In these difficult days (boy, how I’ve come to loathe the word “unprecedented”), we’re all looking to be entertained as we hunch in front of our computers or curl up with Zoom on the living room couch. Since we cinema buffs can’t go to the movies, movies are coming to us. And if we miss live theatre, enterprising stage performers are finding ways to do what they do best and then transmitting it over the airwaves. It’s not enough, of course, but for now it will have to do.

A friend alerted me that one of her favorite New York stage companies, the Irish Repertory Theatre, was sharing with its patrons a special Zoom production of Molly Sweeney, a 1994 play by Irish playwright Brian Friel. This production, by an award-winning dramatist who’s been called the Irish Chekhov, is a far cry from the bits of song and storytelling that have been passing as theatre on my iPad of late. It’s a full two-act play, but one superbly suited to the odd-ball medium we’re all using in the era of COVID-19, because it’s entirely made up of monologues. There are a total of three characters: Molly, her husband, and the doctor who restores her sight after forty-some years of blindness. They trade off narrating her story, one that starts with joy and ends in great sadness. Because in many ways this is a play about isolation, the fact that the three characters are filmed in separate venues makes all the dramatic sense in the world. Bravo to a company dedicated to preserving and presenting the work of Ireland’s many dramatic masters.

That production of Molly Sweeney, which starred Geraldine Hughes and two talented actors, was performed on a limited schedule for a limited audience. But on YouTube, anything goes, including Broadway performers (and Broadway wannabes) performing—from their separate spaces—selections from famous musical numbers, like the opening scene from A Chorus Line.
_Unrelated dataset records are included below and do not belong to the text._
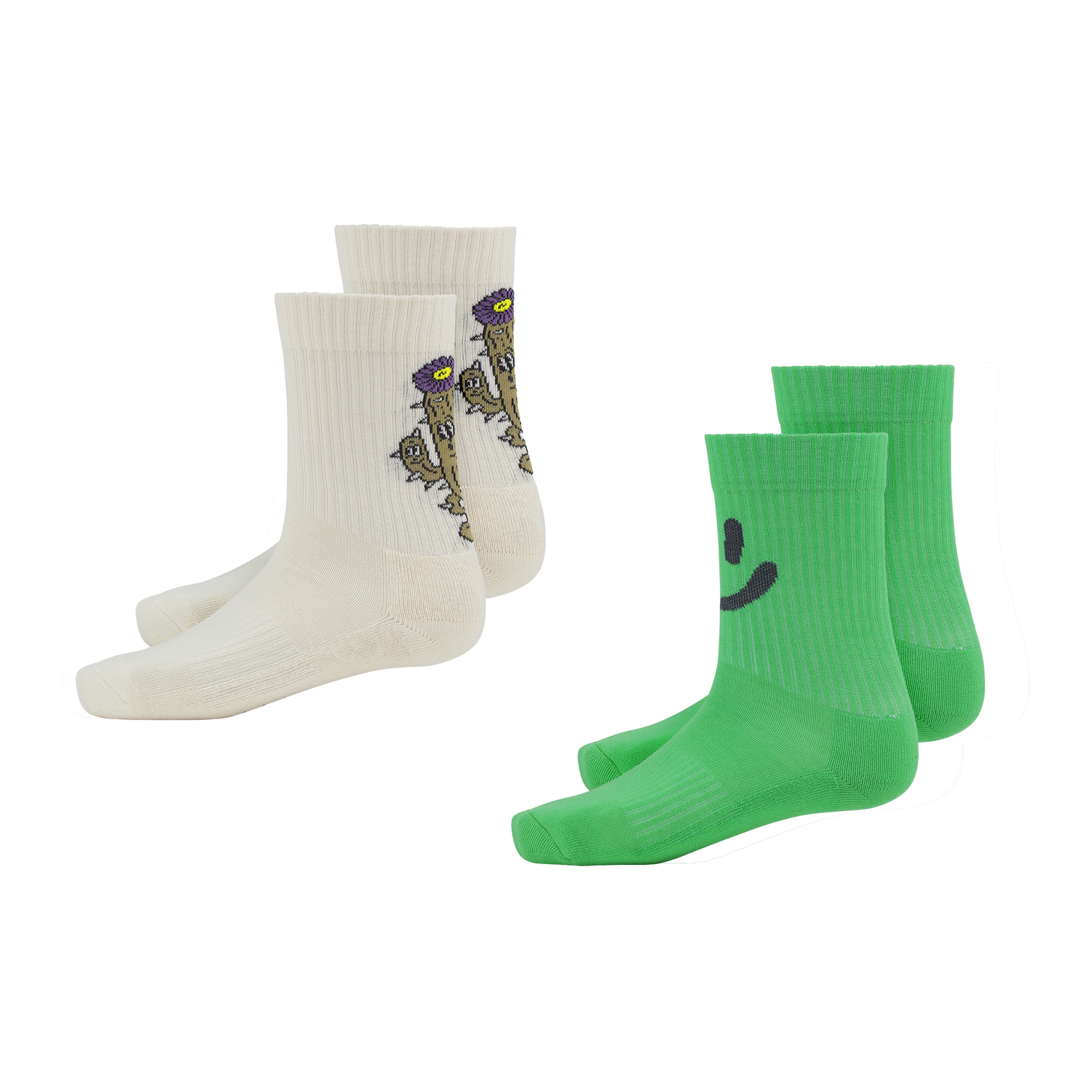 Två par sportiga strumpor i ribb. Det ena paret är vita med en cool kaktus på hälarna, medan det andra är gröna med smiley.
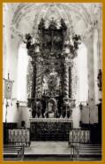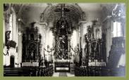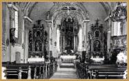 Ein altes Bild von der Kirche. Im Chor eine Uhr. Sie zeigt 8 Uhr 35 . Am Übergang zum Chor hing damals an der Decke noch ein großes Kreuz.
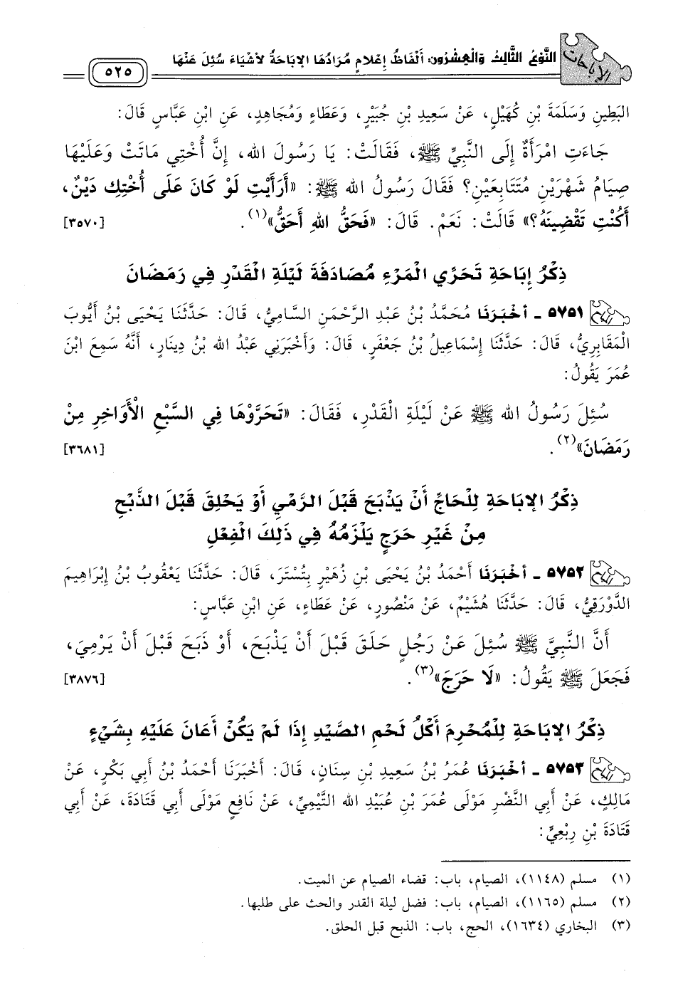 ٥٧٥٢ - أَخبَرنا أَحْمَدُ بْنُ يَحْيَى بْنِ زُهَيْرٍ بِتُسْتَرَ، قَالَ: حَدثنا يَعْقُوبُ بْنُ إِبْرَاهِيمَ الدَّوْرَقِيُّ، قَالَ: حَدثنا هُشَيْمٌ، عَنْ مَنْصُورٍ، عَنْ عَطَاءٍ، عَنِ ابْنِ عَبَّاسٍ، أَنَّ النَّبِيَّ صَلى الله عَلَيه وسَلم سُئِلَ عَنْ رَجُلٍ حَلَقَ قَبْلَ أَنْ يَذْبَحَ، أَوْ ذَبَحَ قَبْلَ أَنْ يَرْمِيَ، فَجَعَلَ صَلى الله عَلَيه وسَلم يَقُولُ: "لَا حَرَجَ". [٣٨٧٦]

Sometimes they aspire to be timely, like this hilarious Covid-inspired version of “The Cell Block Tango” (renamed the Zoom Block Tango) from Chicago. 

In a more serious vein, the ever inventive Spike Lee—filmmaker extraordinaire—has compiled a breathtaking three-minute inematic paean to his home town. To the upbeat strains of Frank Sinatra singing “New York New York,”  he gives us a tour of all the boroughs, emphasizing the charm of their landmarks (skyscrapers, brownstones, bridges, Broadway) along with the fragile beauty of springtime blossoms. It’s only gradually that we glean the fact that the streets of Manhattan, Brooklyn, and Queens are nearly bare, rather than teaming with life. Yes, Lee shows us that the city that doesn’t sleep has become something of a ghost town. The usual New York traffic jams are no more. Taxis have been replaced by ambulances speeding toward hospitals, where heroes in masks and gloves whisk desperate bodies into intensive care. Central Park is crammed full of medical tents for COVID sufferers, and a hospital ship is moored just offshore. It’s a poignant view of a town that has starred in hundreds (maybe thousands) of films as a place of optimism, romance, and upward mobility.(See, for instance, Woody Allen’s Manhattan.) But through it all Sinatra’s voice resonates with its signature insouciance. You can take it as irony. But the Sinatra tune also seems to suggest that New York will once again rise from the ashes. And if we can survive the pandemic there, we’ll make it anywhere.

I  love the fact that Lee wears his heart on his sleeve, and that he shares his love for New York City with us all

With thanks to Beth Phillips, Hilary Bienstock Grayver, and Susan Henry for sharing too.